-- SUPPLIED RECORDS --
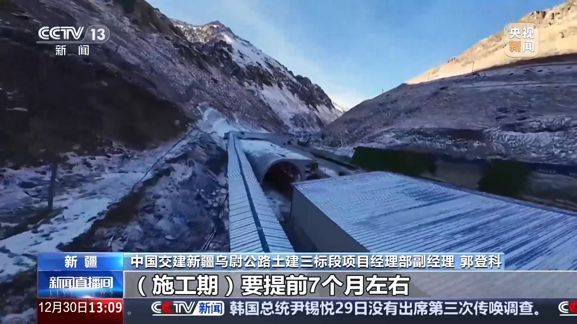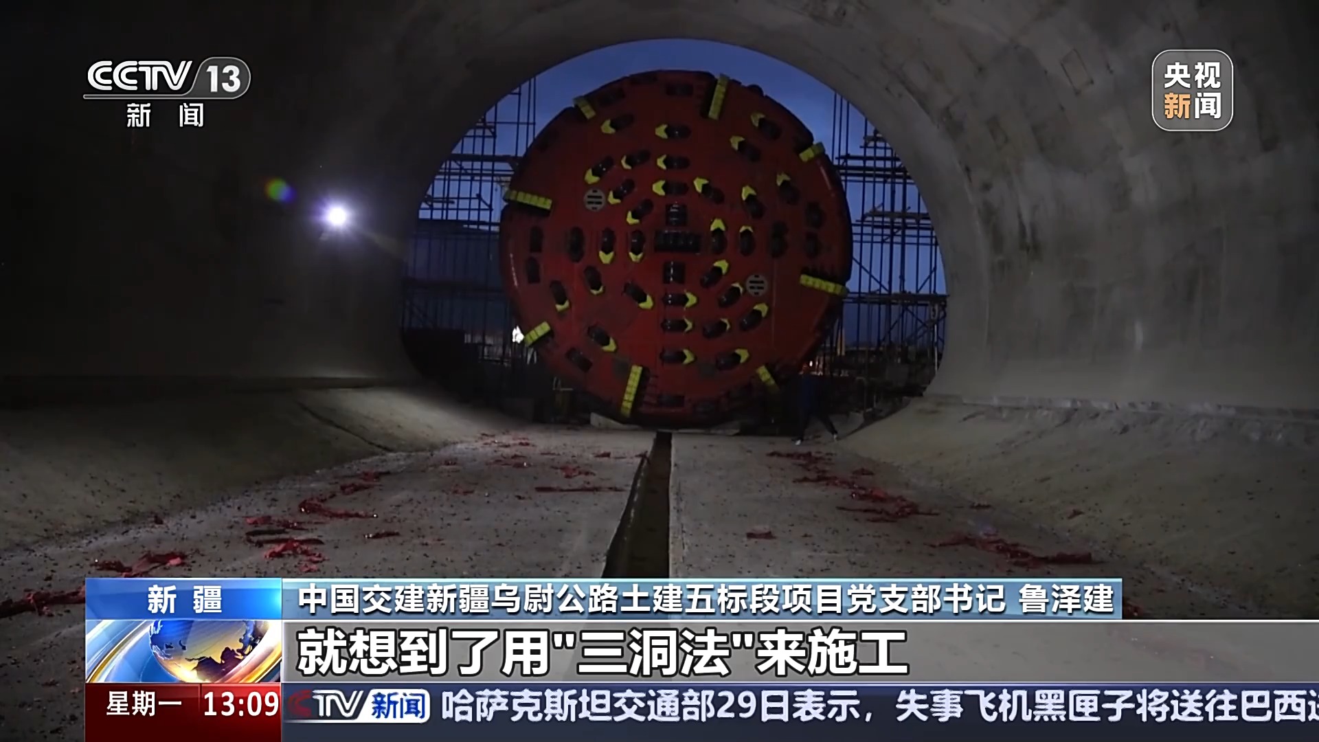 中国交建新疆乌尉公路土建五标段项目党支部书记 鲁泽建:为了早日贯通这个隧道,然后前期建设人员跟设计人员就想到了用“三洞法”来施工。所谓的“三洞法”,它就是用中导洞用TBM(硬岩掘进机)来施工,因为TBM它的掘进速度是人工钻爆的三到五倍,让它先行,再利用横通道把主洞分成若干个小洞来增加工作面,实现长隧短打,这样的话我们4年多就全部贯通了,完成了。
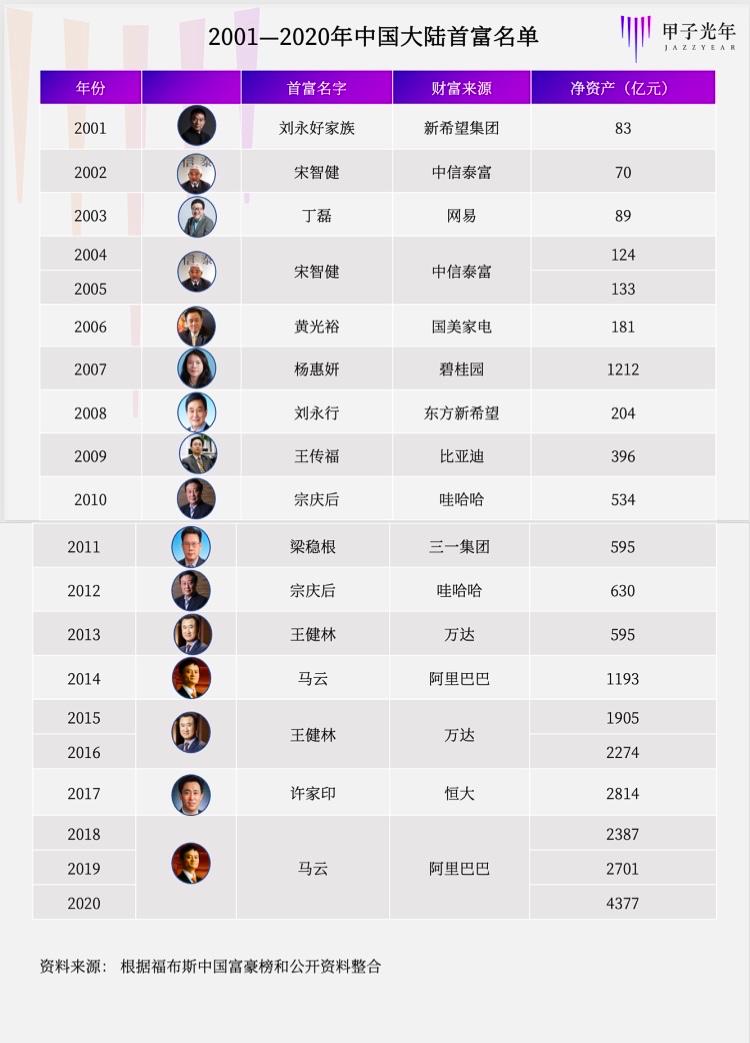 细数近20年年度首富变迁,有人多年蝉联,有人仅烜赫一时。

---

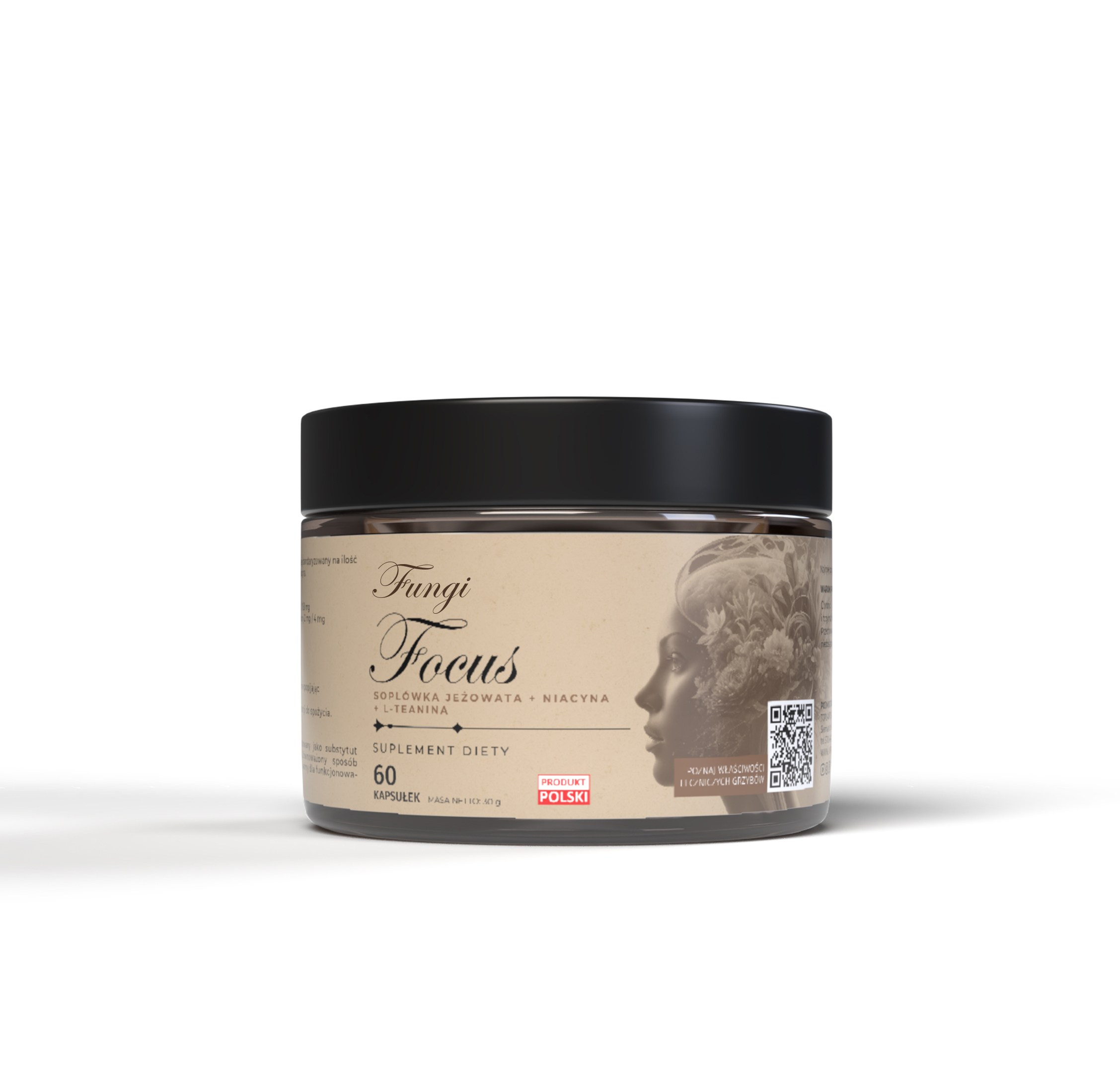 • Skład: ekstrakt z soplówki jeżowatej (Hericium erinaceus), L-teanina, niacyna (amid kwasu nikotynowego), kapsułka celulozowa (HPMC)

-- EXERCISE INSTRUCTIONS --
Without the pictures, give again exactly the lines above starting at the line containing "中国交建新疆乌尉公路土建五标" and ending at the line containing "细数近20年年度首富变迁,有人多年蝉联,有人仅烜赫一时。".

-- EXPECTED ANSWER --
 中国交建新疆乌尉公路土建五标段项目党支部书记 鲁泽建:为了早日贯通这个隧道,然后前期建设人员跟设计人员就想到了用“三洞法”来施工。所谓的“三洞法”,它就是用中导洞用TBM(硬岩掘进机)来施工,因为TBM它的掘进速度是人工钻爆的三到五倍,让它先行,再利用横通道把主洞分成若干个小洞来增加工作面,实现长隧短打,这样的话我们4年多就全部贯通了,完成了。
 细数近20年年度首富变迁,有人多年蝉联,有人仅烜赫一时。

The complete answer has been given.